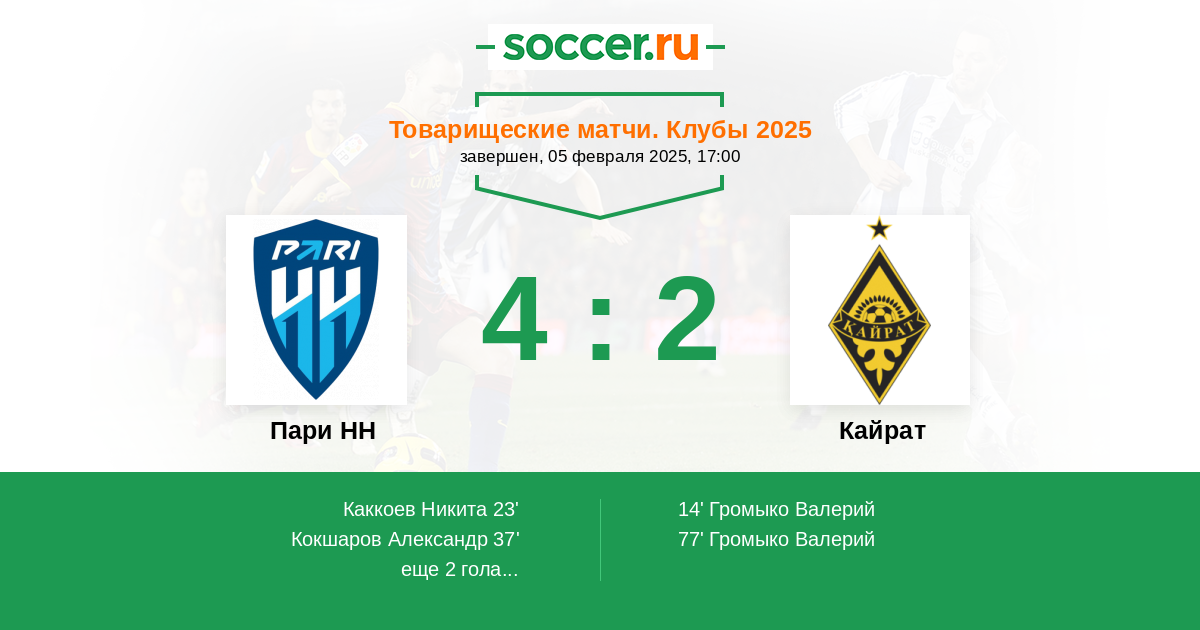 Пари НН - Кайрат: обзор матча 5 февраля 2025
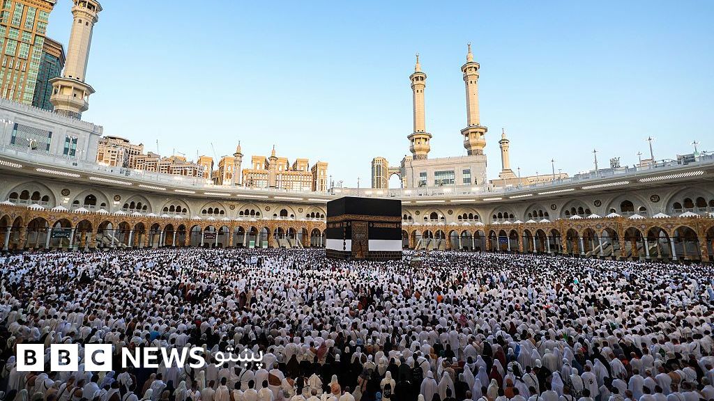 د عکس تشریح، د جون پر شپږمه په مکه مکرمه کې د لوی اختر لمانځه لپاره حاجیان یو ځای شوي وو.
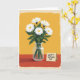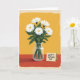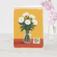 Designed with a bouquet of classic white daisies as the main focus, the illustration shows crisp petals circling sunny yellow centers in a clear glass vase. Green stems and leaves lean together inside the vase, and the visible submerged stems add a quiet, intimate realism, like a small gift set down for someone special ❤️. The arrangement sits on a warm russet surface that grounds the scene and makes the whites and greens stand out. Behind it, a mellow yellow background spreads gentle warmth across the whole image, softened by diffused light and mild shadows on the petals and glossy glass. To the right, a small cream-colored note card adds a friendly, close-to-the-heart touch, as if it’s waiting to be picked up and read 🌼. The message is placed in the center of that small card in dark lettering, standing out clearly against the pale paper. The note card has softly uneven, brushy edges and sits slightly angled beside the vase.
___
DESCRIPTION OF THE TASK :: Could you write out the whole listing exactly, dropping the pictures?

OUTPUT FOR THIS TASK ::
 Пари НН - Кайрат: обзор матча 5 февраля 2025
 د عکس تشریح، د جون پر شپږمه په مکه مکرمه کې د لوی اختر لمانځه لپاره حاجیان یو ځای شوي وو.
 Designed with a bouquet of classic white daisies as the main focus, the illustration shows crisp petals circling sunny yellow centers in a clear glass vase. Green stems and leaves lean together inside the vase, and the visible submerged stems add a quiet, intimate realism, like a small gift set down for someone special ❤️. The arrangement sits on a warm russet surface that grounds the scene and makes the whites and greens stand out. Behind it, a mellow yellow background spreads gentle warmth across the whole image, softened by diffused light and mild shadows on the petals and glossy glass. To the right, a small cream-colored note card adds a friendly, close-to-the-heart touch, as if it’s waiting to be picked up and read 🌼. The message is placed in the center of that small card in dark lettering, standing out clearly against the pale paper. The note card has softly uneven, brushy edges and sits slightly angled beside the vase.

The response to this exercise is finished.